A simple python webscrapping tool with bs4 that navigates to sub pages. It navigates through each company URL and collects specific information, saving it to a CSV file. This can be useful for gathering data for research or analysis purposes. It pulled next to 200 company's data in less than two minutes.
- Navigates through each company URL on the URL and extracts relevant information.
- Collects data such as company name, address, city, state, postal code, phone number, email, and website.
- Saves the extracted data to a CSV file for further analysis.
- Python 3.x installed on your machine.
- Required Python libraries: requests, beautifulsoup4.

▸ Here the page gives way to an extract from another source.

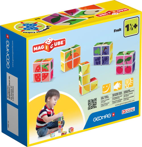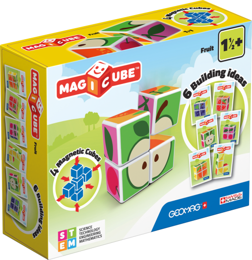Geomag Magicube Ovoce nejenže stimuluje kreativitu a logické myšlení, ale také rozvíjí vizuální a hmatové vnímání dětí. Díky jednoduchému, ale chytrému magnetickému systému je sestavování intuitivní a zábavné, což podporuje samostatnou hru a objevování. Tento produkt je vyráběn švýcarskou společností, která klade důraz na kvalitu a bezpečnost, což potvrzuje i značka Swiss Made na obalu. Celkově jde o vhodnou a atraktivní stavebnici pro nejmenší, která spojuje učení s hrou prostřednictvím motivů oblíbeného ovoce.

- Clone the repository or download the source code.
- Install the required Python dependencies by running the following command:
$ pip install requests beautifulsoup4
- Open the Python script in a text editor.
- Update the
url_base
variable in the code with the URL of the company page containing the list of companies. - Run the Python script by executing the following command:
$ python crawler.py
- The script will start scraping the company data by navigating through each company URL and saving it to a CSV file named
company_data.csv
.
- You can modify the CSV file name and the specific fields being extracted by modifying the code in
crawler.py
.
Contributions are welcome! If you find any issues or have suggestions for improvements, please feel free to open an issue or submit a pull request.
This project is licensed under the MIT License.